# Rocket R58, Eureka grinder and all the toys!



## Dubman (Jul 24, 2016)

Guy's thought I would throw my hand in on this forum and show off my setup (after all you lot are the only ones who'll appreciate it). Have a Rocket R58, with Eureka grinder (on a chrome drawer knock box, Rocket tamper and tamp station. I use a Hario VST scale with built in timer which is very useful and makes up for the delay with the scale, which is a pain. Use The Roasting Party 'The Party' espresso beans which are exceptional along with Nude Coffee 'East blend' beans and Monmouth 'organic' espresso beans, which I get fantastic results with. Overall I love the build quality and aesthetics of the R58, it's not perfect but pulls a great shot and I find the Eureka grinder very good (for the price) once you get a hang of the very sensitive grind setting along with all the other overpriced 'Rocket' branded parofinalia! What do you guys think, comments, advice, haters bring it on.


----------



## 4085 (Nov 23, 2012)

I would end it back immediately. Fancy Rocket putting an '`R" on the left knob, when even I know it should be an "L"


----------



## Dubman (Jul 24, 2016)

That's as bad as people who say 'end' instead of 'send'


----------



## 4085 (Nov 23, 2012)

Dubman said:


> That's as bad as people who say 'end' instead of 'send'


apart from that, it looks canny.....


----------



## Dallah (Jan 31, 2015)

It would be good fun if you could find someone to laser etch an L on the other tap handle and then reverse them.


----------



## Dubman (Jul 24, 2016)

I could always just turn the machine round the other way..


----------



## Missy (Mar 9, 2016)

I'm horrified by this awful set up. I can only suggest that you parcel it up and post it to me immediately. (Though I might return the grinder to you in due course)

It looks awesome.


----------



## Dubman (Jul 24, 2016)

Thanks for your constructive feedback. I'll be sure to get it boxed up and sent to you immediately ? (you may be surprised by the grinder, I had my heart set on a mini Mazzer but for size I chose the Eureka and have not looked back - it's all very, very shiny!)


----------



## Missy (Mar 9, 2016)

Dubman said:


> Thanks for your constructive feedback. I'll be sure to get it boxed up and sent to you immediately ? (you may be surprised by the grinder, I had my heart set on a mini Mazzer but for size I chose the Eureka and have not looked back - it's all very, very shiny!)

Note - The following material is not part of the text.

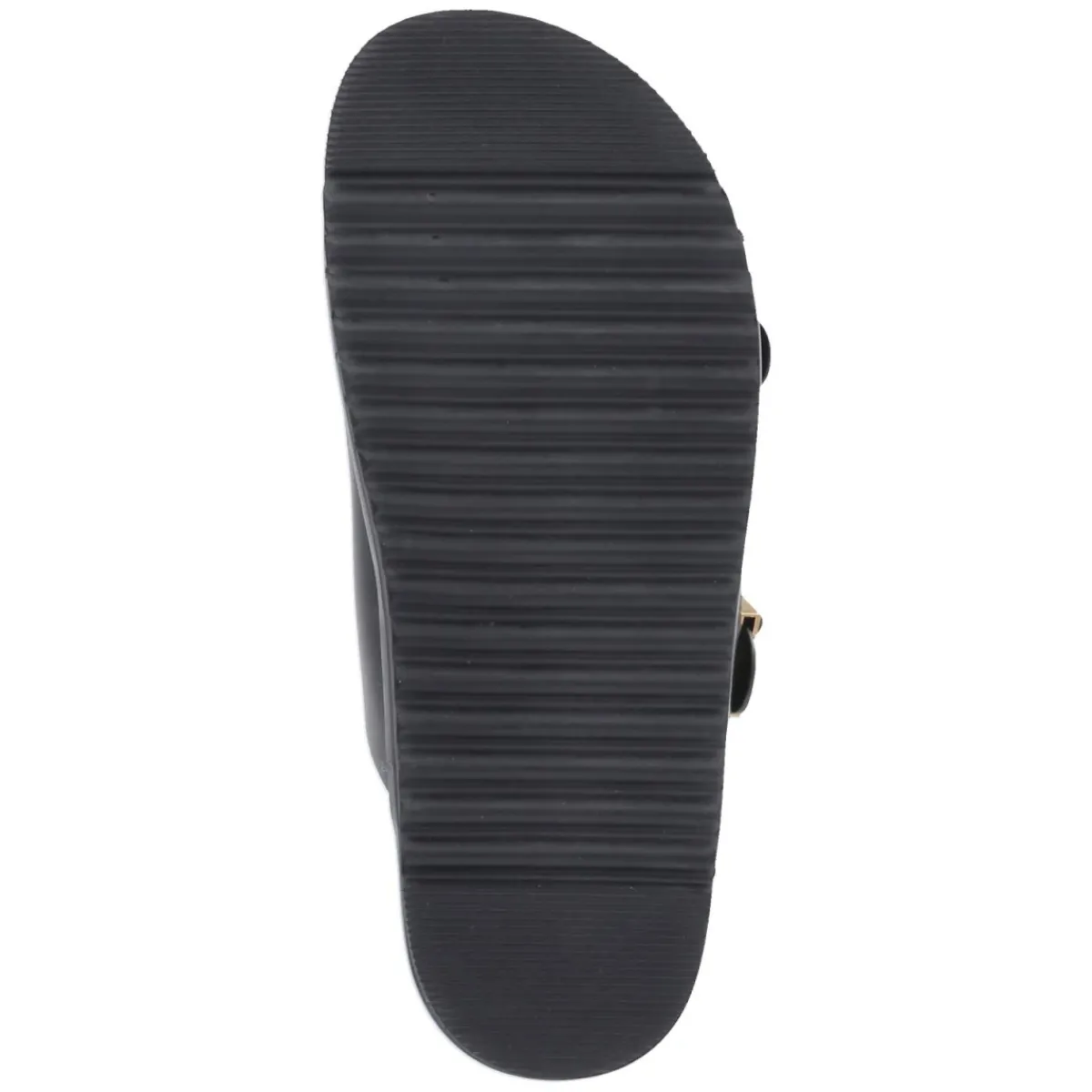 Die Pantoletten RACHEL PENNY von Mexx präsentieren eine zeitgemäß reduzierte Silhouette, die mit zwei kupferfarbenen Schnallen einen eleganten Akzent setzt. Das schwarze Obermaterial aus Synthetik zeigt eine angenehm pflegeleichte Oberfläche, während die offene Schuhspitze luftigen Tragekomfort vermittelt. Ein vorgeformtes, dämpfendes Tieffußbett unterstützt den Fuß spürbar und begleitet souverän durch Alltag, City und Urlaub. Die flexible, griffige Laufsohle gibt Halt auf verschiedensten Untergründen, das seitliche Label verleiht dezente Markenpräsenz. Dank verstellbarer Schnallen lässt sich der Sitz optimal anpassen; die Passform fällt normal aus und erleichtert die Größenauswahl. Die Kombination aus schlichter, moderner Optik und guten Kombinationsmöglichkeiten macht dieses Modell zum verlässlichen Begleiter für vielseitige Looks. Modetipp: Zu fließender Culotte und ärmellosem Stricktop kombinieren, dazu eine strukturierte Umhängetasche in Cognac für ein harmonisches Finish.

That's why I want you to post the lot, I'd like do some comparing, I've not tried the Mignon. ?


----------



## Dubman (Jul 24, 2016)

Not a problem I'll deliver it personally! ?


----------



## scottgough (Feb 9, 2016)

Looks fantastic, but I'm biased as I'm one of shiny Rocket boys! If you're looking for your next upgrade, a VST basket and Tor 58.55 tamper will do it more justice than the standard basket and Rocket tamper, which I always found to be rather a loose fit.


----------



## timmyjj21 (May 10, 2015)

What? Dammit... I thought this the 'for sale' section?! I can't look at it anymore!


----------



## Dubman (Jul 24, 2016)

scottgough said:


> Looks fantastic, but I'm biased as I'm one of shiny Rocket boys! If you're looking for your next upgrade, a VST basket and Tor 58.55 tamper will do it more justice than the standard basket and Rocket tamper, which I always found to be rather a loose fit.


Hmmmmn... Upgrades...i already upgraded the tamper as the one out the box was far too light.. Shiny rocket boy out! Lol


----------



## Dubman (Jul 24, 2016)

timmyjj21 said:


> What? Dammit... I thought this the 'for sale' section?! I can't look at it anymore!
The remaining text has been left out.